EXERCISE AIM:
Write out the entries below exactly, but only from the line containing "圖5破乳劑對(duì)PPG-稀釋原油的lg|ε|-lgω曲線斜率的影響" through the line containing "Colorful Confetti And", and without the pictures.

RECORDS PROVIDED:

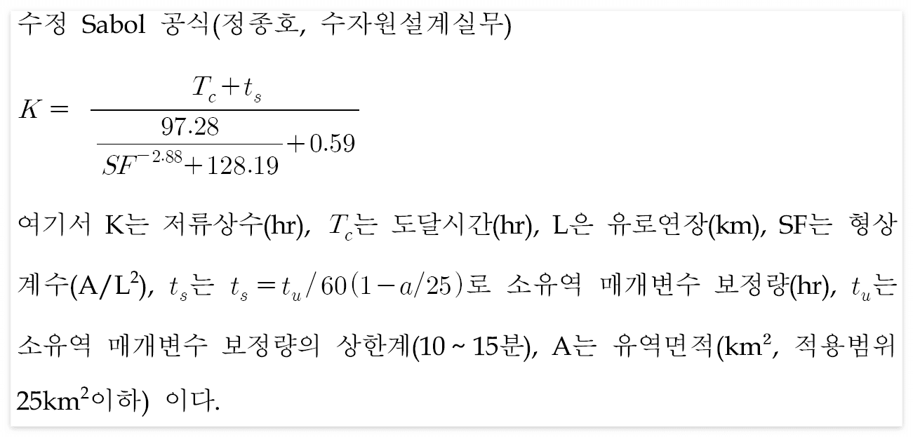 - 저류상수 공식은 Russel 공식과 Sabol 공식 등이 주로 사용되어 왔다. Russel 공식은 유역규모 및 유역형상을 고려하지 못하며, Sabol 공식은 유역형상을 형상계수의 역수 형태로 고려하므로 주로 사용되었다.
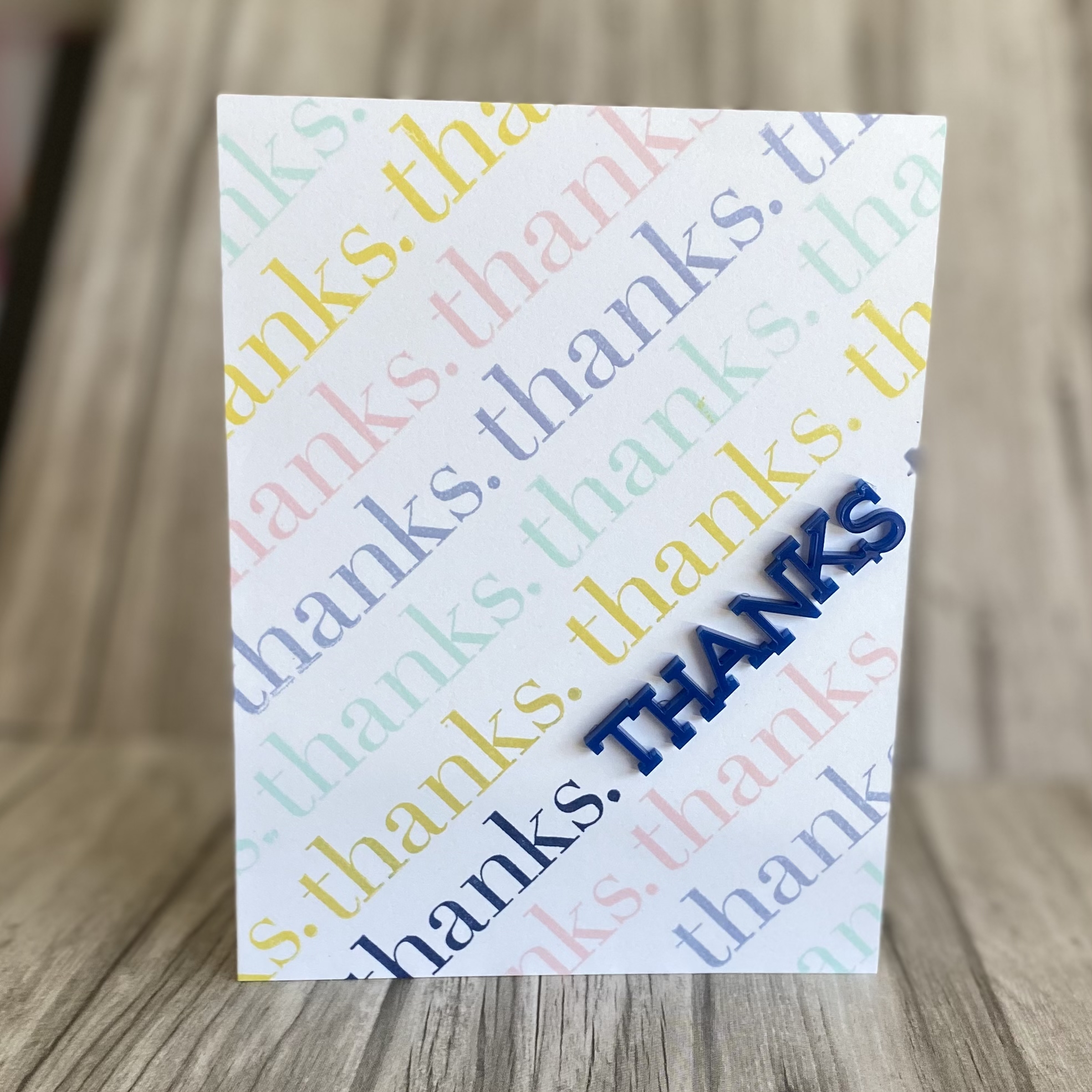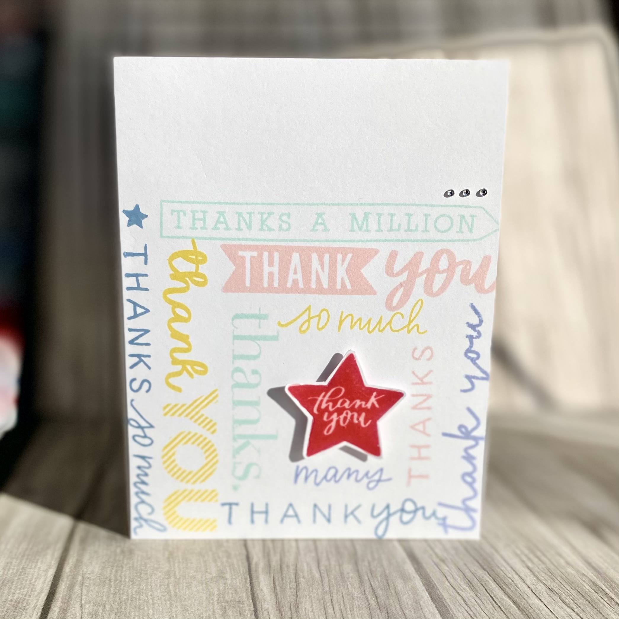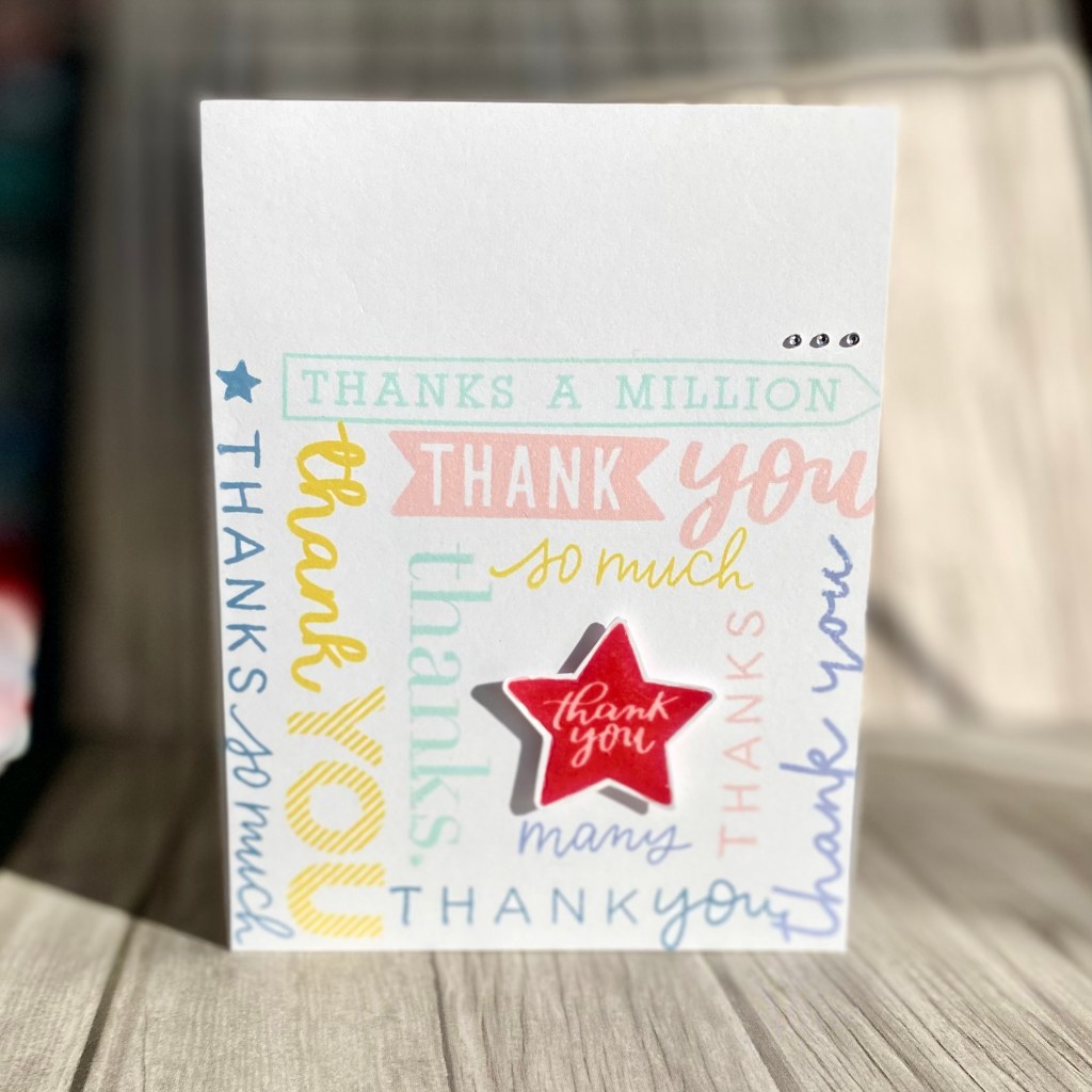 This last card uses the same colours, except I’ve added Blue Belle, and swapped the Sapphire for Raspberry. On top of the raspberry star shaped “thank you” I’ve added liquid glass for some extra dimension. I love the look liquid glass adds to things.
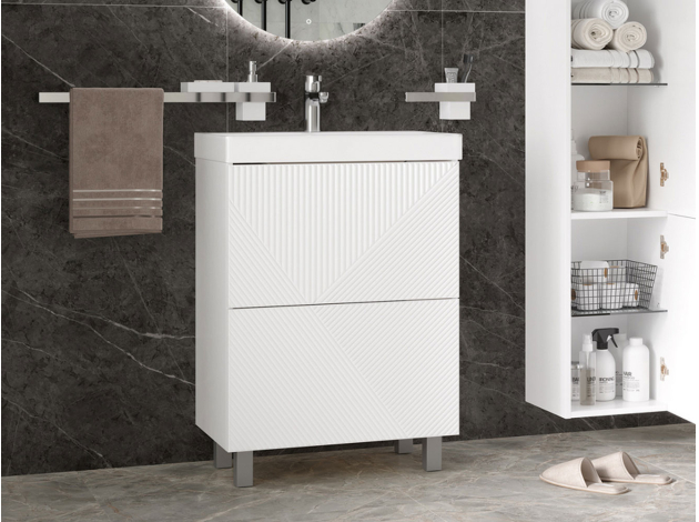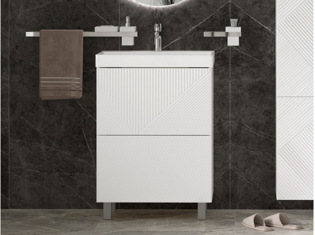 Напольная тумба под раковину Эджи Белый глянец 60 см С раковиной
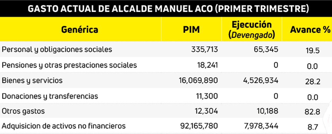 En el primer trimestre de gestión del alcalde, Manuel Aco Linares, no se evidencia grandes avances dentro de su jurisdicción y su participación en la mancomunidad. Su cortó porcentaje vaticina un gobierno similar al de su predecesor, José Álvarez Málaga, quien en su primer año de gestión (2019) solo logró gastar el 33.9 % de su presupuesto, pese a ello en los primeros tres meses devengaron S/ 9 894 901, cifra que superó por la mínima a Aco.
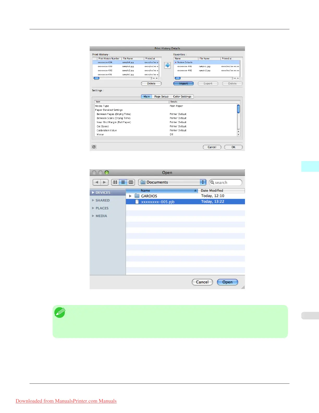 • You cannot import a print history file exported from a different printer in Print Plug-In.
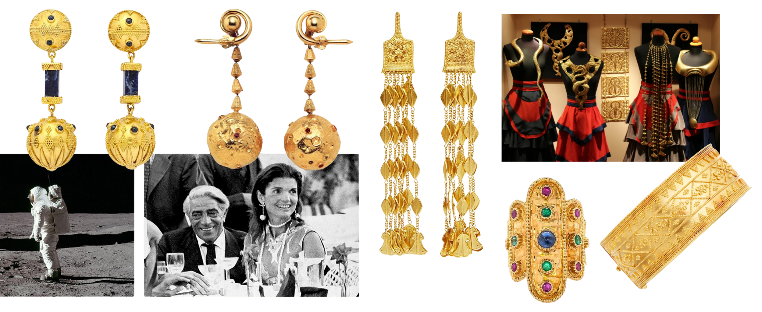 En 1969, Aristote Onassis commande à Ilias Lalaounis une paire de boucles d’oreilles pour le 40ᵉ anniversaire de sa femme Jacqueline Kennedy. Ces bijoux, représentant la Lune avec des cratères incrustés de rubis et des clips en forme d’orbite de vaisseau spatial, rendent hommage à la mission Apollo 11 et au premier pas de l’Homme sur la Lune.
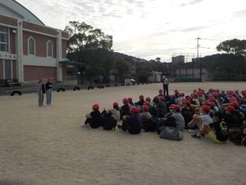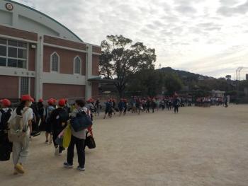 5年生が、2日間の宿泊体験学習に行います。今日は、出発式を運動場で行いました。係の児童の司会のもと、円滑に行うことができました。ほかの学年が見送りに来ていたので、手を振りながら出発していました。
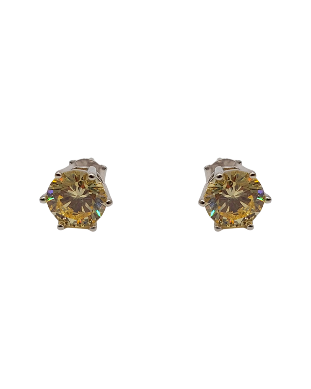 Brinco clássico em prata com banho de ouro branco, composto por uma zircônia amarela de 8mm que se destaca pelo brilho intenso e pela tonalidade sofisticada. A lapidação é valorizada pela cravação em 6 garras, garantindo segurança e máxima entrada de luz — uma peça elegante e atemporal, perfeita para iluminar qualquer produção.
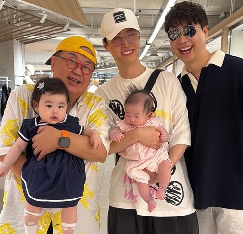 이용식은 노란 캡모자와 강렬한 패턴 셔츠를 매치하고, 첫 손녀 이엘을 품에 안은 채 환한 표정을 짓고 있었다. 옆에는 사위 원혁이 둘째 딸을 안고 밝은 미소를 지었다. 마주 선 박수홍과 아내 김다예는 손하트 포즈로 분위기를 더했다.
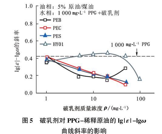 圖5破乳劑對(duì)PPG-稀釋原油的lg|ε|-lgω曲線斜率的影響
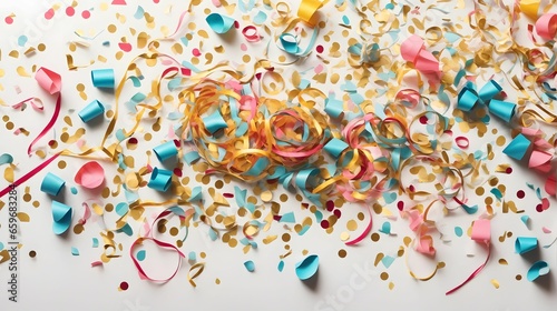 Colorful Confetti And Lively Streamers Artfully Arranged On A Clean White Backdrop Confetti And Carnival Ribbons AI Generative
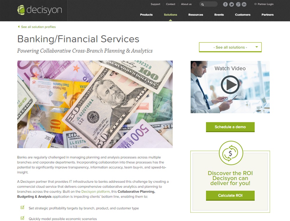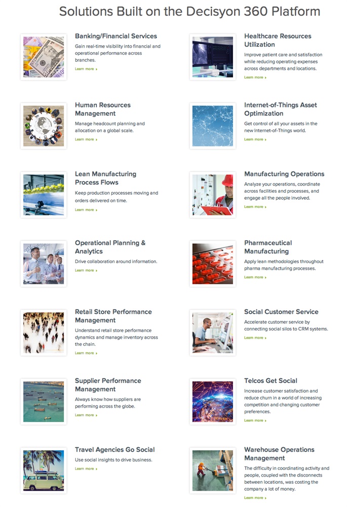 Le pagine della Solutions Gallery dedicate alle diverse soluzioni offerte da Decisyon includono uno strumento di calcolo per il ROI, dimostrazioni video, casi di studio sui clienti, white paper e altre informazioni volte ad assistere i business manager e i dirigenti IT nel trovare soluzioni alle loro sfide imprenditoriali e nel modellare i vantaggi che queste soluzioni possono portare alle loro imprese. I clienti che hanno implementato le soluzioni di Decisyon hanno riscontrato benefici significativi tra i quali:
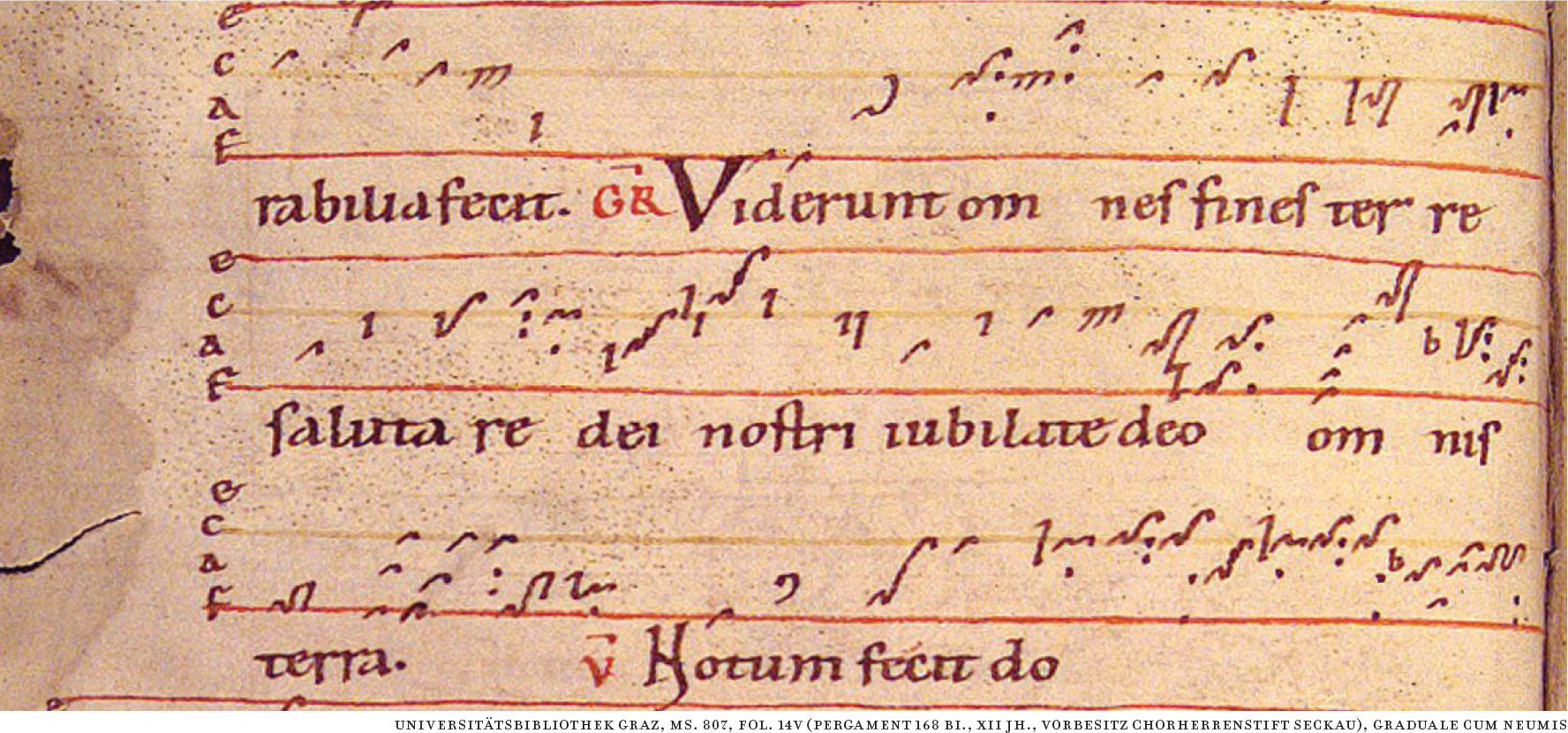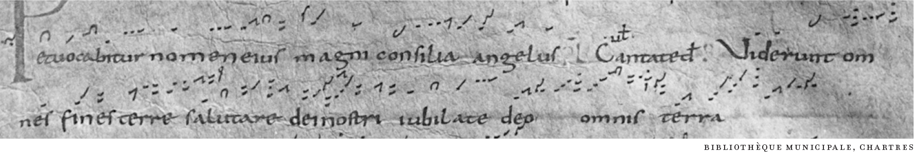 Notation developed through a series of innovations, each of which made the melodic outline more precise. The significant historical steps are shown in Figures 2.6–2.8, with modern equivalents in Examples 2.2–2.3. All show the Gradual Viderunt omnes from the Mass for Christmas Day (NAWM 3d).

TASK OUTPUT:
 圖5破乳劑對(duì)PPG-稀釋原油的lg|ε|-lgω曲線斜率的影響
 Colorful Confetti And Lively Streamers Artfully Arranged On A Clean White Backdrop Confetti And Carnival Ribbons AI Generative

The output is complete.